The thing that would be the important item to include is the exact make and models of the hardwares like the model Sony board and some other general information on the system itself. This will help in seeing what can be done with the existing system. Besides a larger power supply for the new board having need there, the additional info can help provide better advice.
 
Reapply some thermal paste to it (clean the old stuff off first), a P3 shouldn't get so hot that it needs a high powered fan or excessive cooling. A lot of people can get away with a heatsink and a ducted case fan.

If you are worried about it, put a fan somewhere where it can direct air over the CPU
 
It would also depend on the type of case if AT, flat top desk model, or a standard atx model as far as fitting the extra fan to cool the cpu. The best step at this time is to blow out all dust and dirt from the fans themselves to see if they are binding up from debris or they are worn. You would go through the entire case as well with an air cleaner(can of compressed air: low cost item at most retail stores-pc accessories).
 
Thanks for your advice, all of you. Ok PC eye, Ill put away the hammer and hacksaw and spend some cash to get some better stuff.

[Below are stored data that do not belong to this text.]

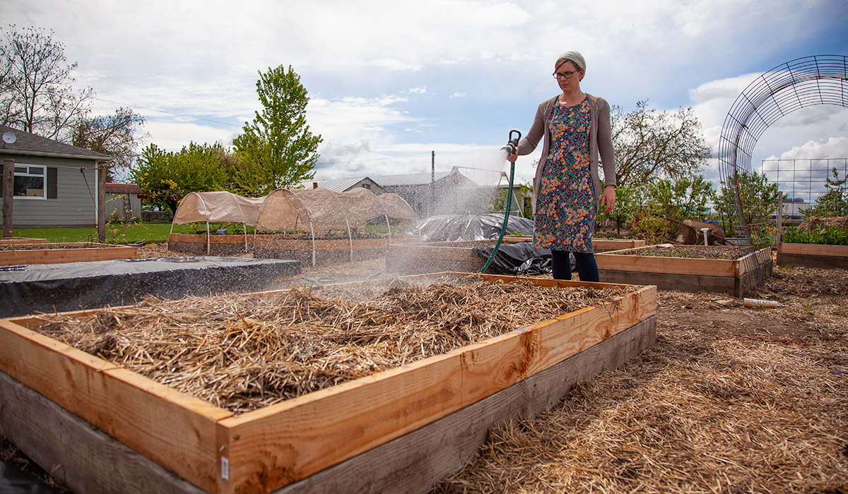 If you started seeds a month or so back, now is the time to plant them. You can also pick up your starts at Coastal. Greta is planting tomatoes, peppers, ambrosia, and watermelon.
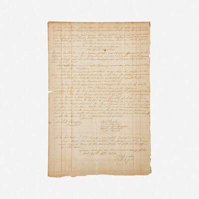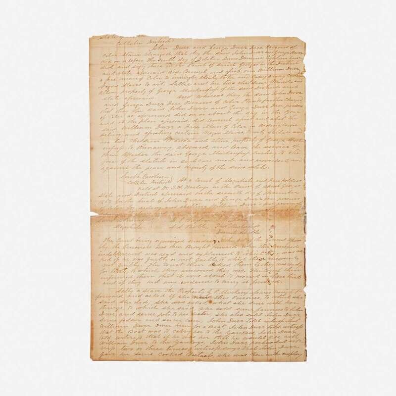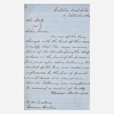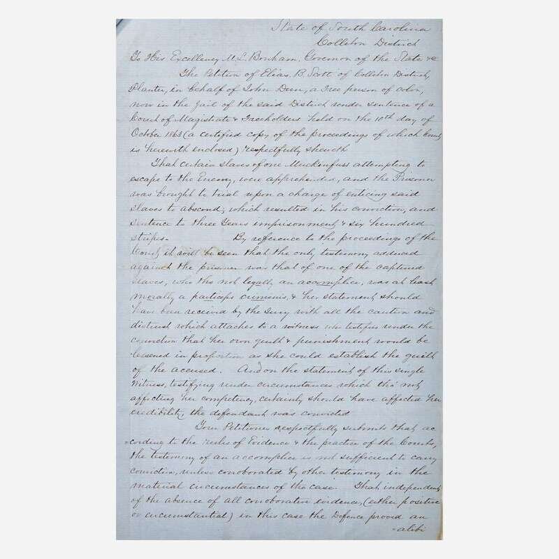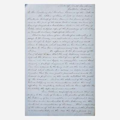 A rare group of documents created in a successful effort to commute the sentence of a free black man incarcerated for aiding an enslaved family's escape to the North. John and George Durr, free persons of color, stood accused of aiding free person of color William Durr in his involvement helping an enslaved family escape by boat to the North. The prosecution's case rested solely on the testimony of the enslaved mother, and while George Durr was found not guilty of the charges, John was found guilty. He was sentenced to "be taken to Walterboro jail, and there kept in solitary confinement for three years, and to receive fifty stripes on the bare back, this day, and to receive fifty stripes on the bare back on the first Monday in February, then to receive fifty stripes at the Expiration of every Three Months until the term of his imprisonment ends." An unfathomably cruel punishment of 600 lashes in total. John served 10 months of his sentence, receiving 200 lashes, before the prosecution's case fell apart after it was revealed that their sole witness was coerced by fear of violence into testifying against him. His sentence was eventually commuted by South Carolina Governor M.L. Bonham.
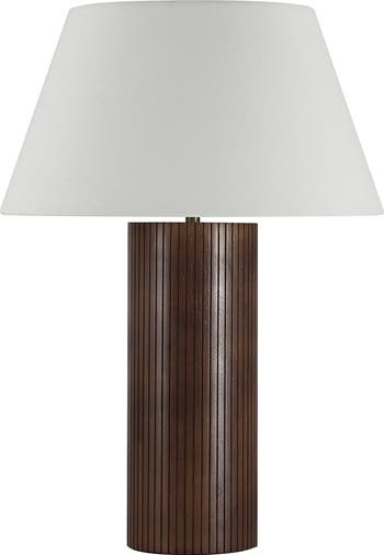 Perfect for end tables or consoles, this dimmable table lamp combines walnut wood and ivory linen to create an elegant balance of dark and light.
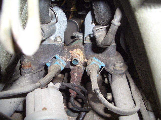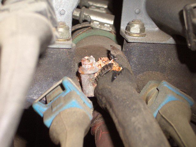 Vバンク中央から出るウォーターバイパスホースですがパンクしちゃっています。
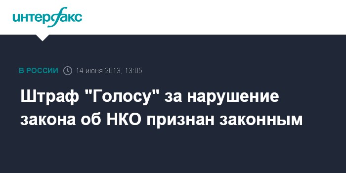 Москва. 14 июня. INTERFAX.RU - Пресненский суд Москвы в пятницу признал законным решение нижестоящей инстанции, которая назначила штраф в 300 тысяч рублей ассоциации "Голос" за нарушение закона об НКО.
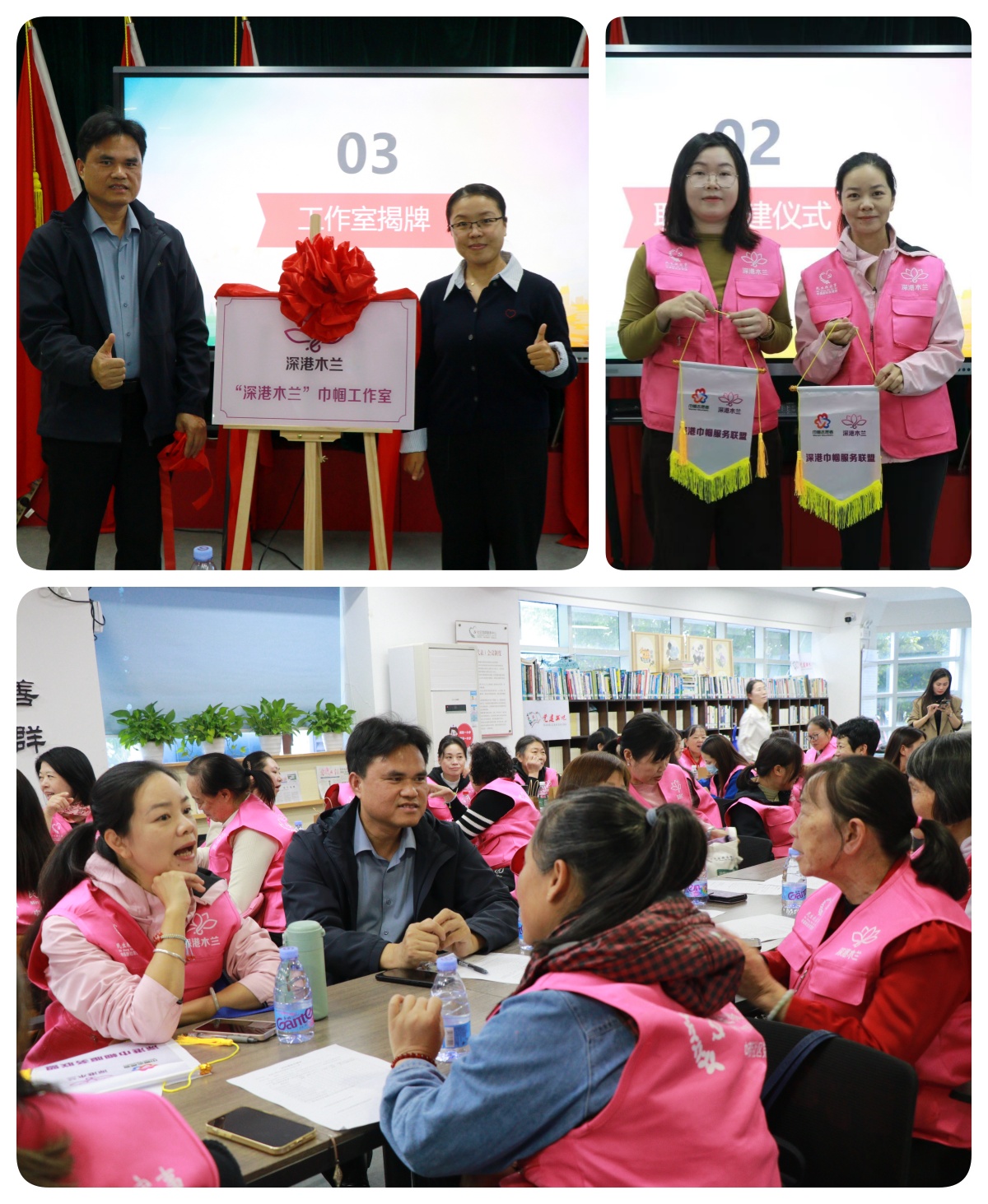 活动现场,深港巾帼志愿者代表共同签署并宣读《深港巾帼服务联盟契约》,手持定制交流旗帜合影留念,用庄严承诺凝聚起“奉献、友爱、互助、进步”的志愿共识。随后,盐田区妇联与中英街社区党委联合为“深港木兰”巾帼工作室揭牌,标志着深港巾帼志愿服务有了固定的交流阵地与赋能平台,将为两地志愿者提供资源对接、技能培训、项目孵化等全方位支持。
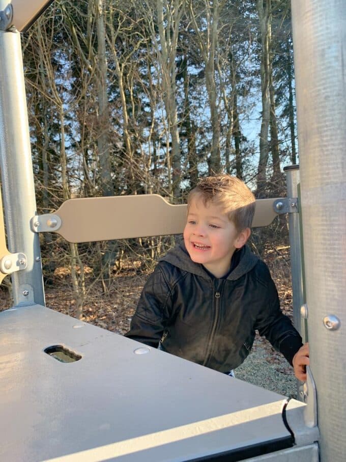 Baldur gehört zu den Spieltürmen der Reihe, die über verschiedene Ebenen verfügen. Dieses Modell bietet eine Rutsche und der Zugang zu den verschiedenen Ebenen mit einer Höhe von 90 cm bzw. 140 cm erfolgt über eine Treppe. Dadurch eignet sich der Spielturm besser für jüngere Kinder. Sind Sie auf der Suche nach einem anspruchsvolleren Modell für ältere Kinder? Dann werfen Sie doch mal einen Blick auf unsere Spielanlage LB130 Bertil.
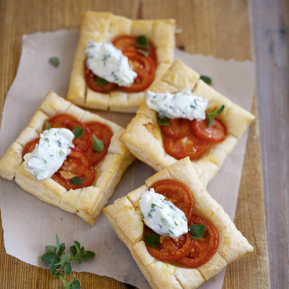 Den Backofen auf 200° vorheizen. Die Blätterteigstücke auf einem mit Backpapier belegten Blech verteilen. An jedem Teigstück rundherum einen ca. 1 cm breiten Rand einschneiden, dabei den Teig nicht durchschneiden. Den inneren Teil der Teigquadrate mit Senf bestreichen und die Tomaten dachziegelartig darauflegen. Mit dem Knoblauchöl bestreichen, mit Oregano bestreuen, salzen, pfeffern und mit je 1 Prise Zucker würzen. Im heißen Ofen (Mitte, Umluft 180°) in 20-25 Min. goldbraun backen.
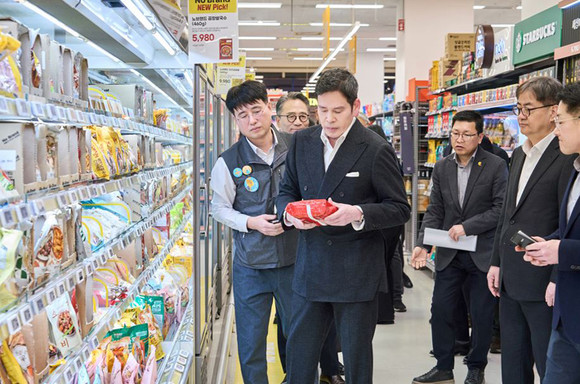 지하 1층 그로서리 특화 매장에서는 초입부에 배치된 와인 코너, 직장인들의 간편한 한끼 메뉴를 모은 ‘그랩앤고’를 지나 수산물과 축산물, 냉동식품, 피코크·5K프라이스 등 PL 매장, 과자와 라면 등 가공식품까지 곳곳을 찾았다. 고객이 일반적으로 이동하는 순서에 따라 매장을 돌며 동선은 적절하게 짜여 있는지 상품 가격은 적절한지 등을 꼼꼼히 살폈다.
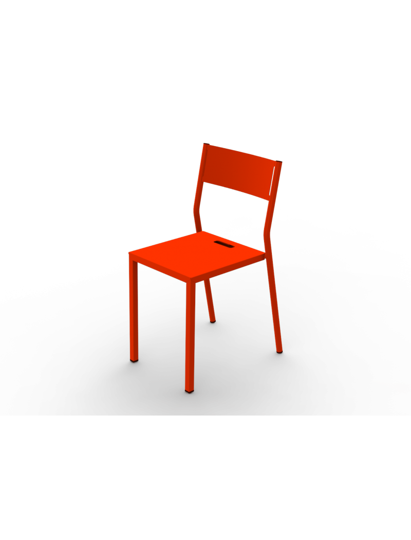 Elle est empilable et dispose d'une poignée sur l'arrière de l'assise qui facilite la préhension.
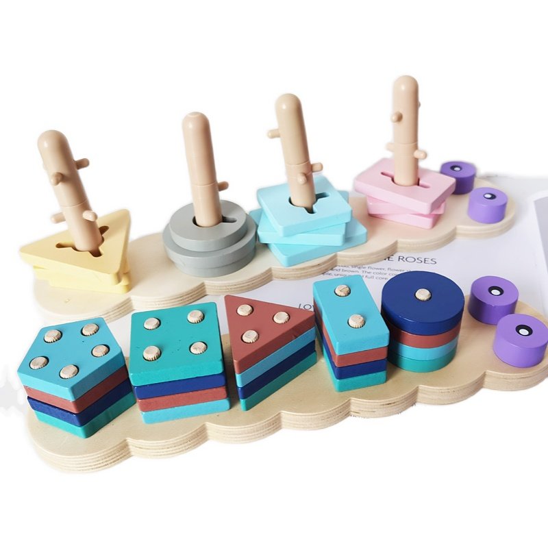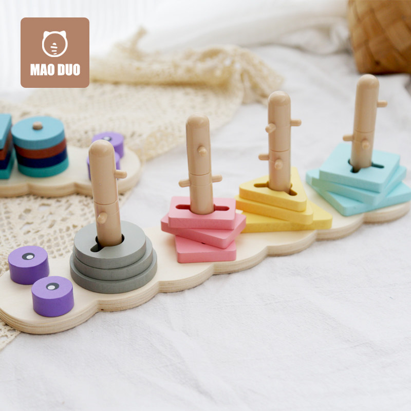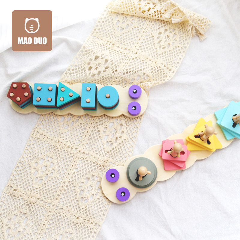 Geometric Sleeve Column Caterpillar Cave digital shape pairing 1-2-year-old 3 Mont's early teaching hand eye coordination toy children
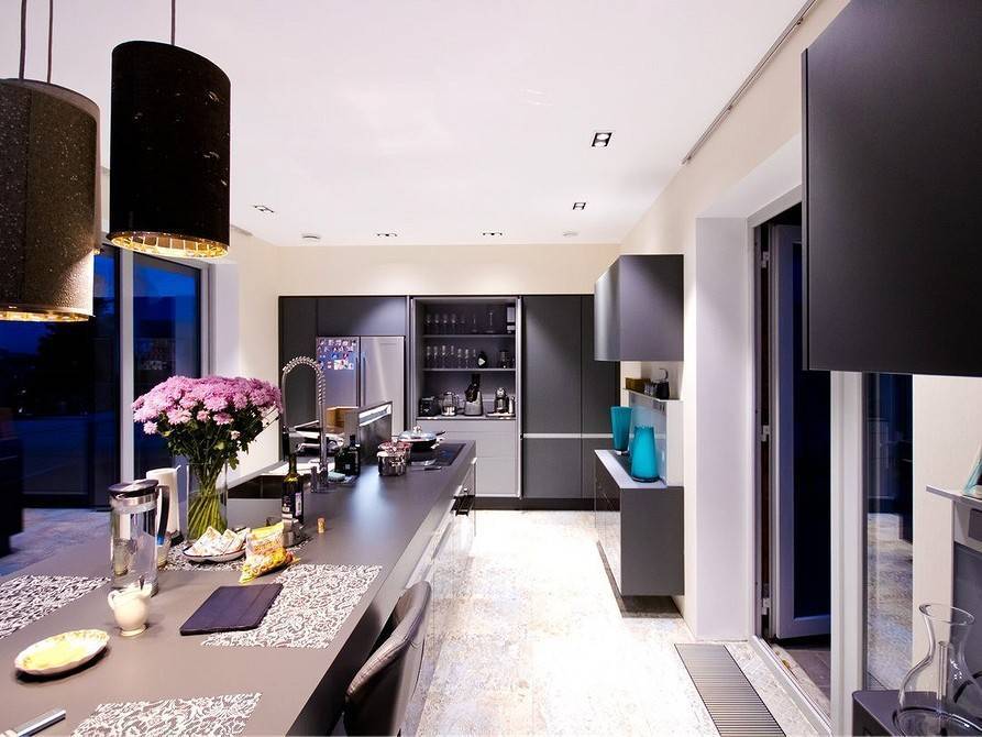 Потолочное освещение должно быть ненавязчивым, равномерным, мягким, но в то же время ярким. Кухню-гостиную с невысокими потолками лучше осветить накладными или встроенными светильниками, с высокими – лампами на длинных шнурках.
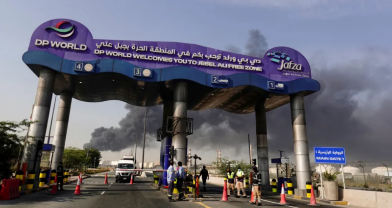 On Saturday, officials said debris from an “aerial interception” caused a fire in a berth at the port, which is the world’s ninth busiest.
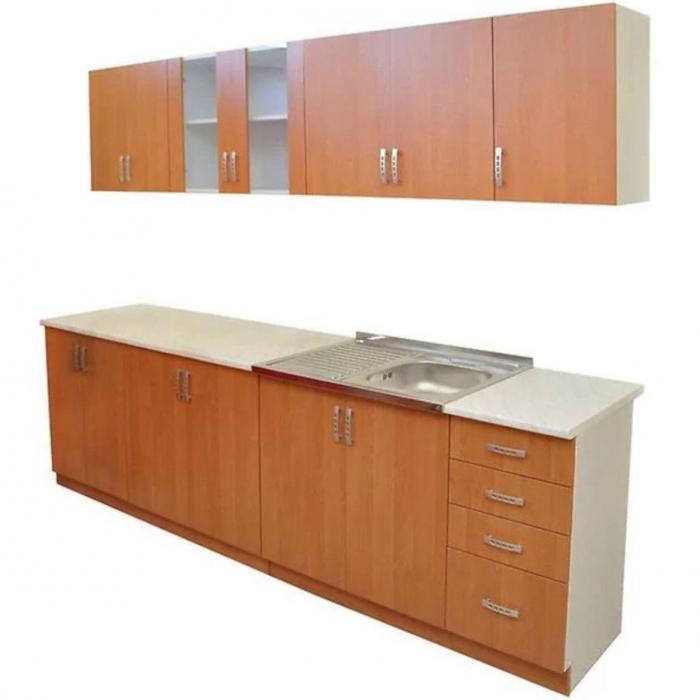 Kuchnia Sara - zestaw w jasnej i ciepłej kolorystyce nada wnętrzu nowoczesności, ale sprawi także, że pomieszczenie będzie bardzo przytulne. W zestawie zastosowano proste lekkie bryły, dzięki czemu kuchnia nabiera eleganckiego charakteru i wydaje się też być bardziej przestronna. Gotowy zestaw mebli kuchennych to dobry sposób na estetyczne, szybkie i funkcjonalne umeblowanie kuchni. Zestaw obejmuje górne i dolne szafki kuchenne wykonane z wysokiej jakości trwałych materiałów, co podczas użytkowania jest bardzo ważne. Kuchnia z pewnością fantastycznie sprawdzi się w codziennym użytkowaniu.
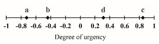 The order of the degrees of urgency from highest to lowest was c, C, d, D, b, B, a, and A. We found that the order here is consistent with that derived in experiment I.

the case is a micro atx just like the motherboard

the old sony board is a slot 1 and wont run xp even with a bios update

the new one i salvaged came with the cpu installed, its a micro-atx pga socket 370 compaq
i dont know how to check the name
the case did not make it

ill spend the cash on some compound if i need it, but this is a low to no budget comp

as i said, there is no gloop on the cpu
it instead has an ultra-thin piece of shiny metal between the heatsink and the cpu

the problem is that the psu is sucking up and the cpu is pushing down, and they are right on top of each other
system boots fine but no os installed

just removed 16 lbs of crap from the fans and case, blew into all the vents, and made a big mess
the fans are spinning fine
 
Did you find any buried treasure in all that stuff you cleaned out of the case? The Windows 9X or Linux distros are what would work for an OS just to see it run. The first pullout cpus saw the metal heat strip instead of compound. The fan on the heat sink should be blowing away from not towards the cpu. That is done to draw heated air off of the sink itself. The fan in the supply is an intake fan to draw air through to either an exhaust fan or vents on the rear to keep temps down on the supply itself. Unless you reversed fan directions the air flow is in the right direction.
 
wow, thats a relief, and a new thing learned
i was actually wanting to get xp going on this guy
ive got 2 128 pc133s ready and a 5400rpm drive
theres lots of open power in the case
is this going to cause any problems?
 
On that system there a good match of 256mb simms should work well with the old stuff like 95 or 98 if not some of the older Linux versions where cpu power and large caches on video cards is an issue. Go to some place that still sells old dos games even or download some Linux stuff and you will get by with that. Forget the new things out though. XP won't without the needed updated drivers for the board itself like memory controllers, VMbus, USB 2.0, and a short list of other things. Even 98 would run slow with 512mb on it. But that would allow some more recent softwares a chance.
 
500r420 said:
hm, you think so?
what if i invested the $35 or so in two 256 chips?

check my thread, i have alot of RAM you might be interested in....

also a steped up processor to what you have now (1000MHz insted of 933)
 
MadModder said:
XP would run on that machine just fine. My laptop is a P3 1GHz w/ 256MBs of PC133 RAM and that runs XP Pro without a hitch. Unless I missed something in the post, there's nothing wrong with running XP on your system!

http://i33.photobucket.com/albums/d58/Velouriaaaa/xp-stats.jpg

That's running 3 Firefox tabs and Winamp.

The problem isn't getting XP to go on. XP will run on a Pentium II 233mhz system with only 256mb of PC100 memory installed. The problem would be with getting updates for the original hardwares like a bios update, updated drivers for any onboard video and sound. To effectively run XP with the current system board you would most likely need generic drivers at this late date.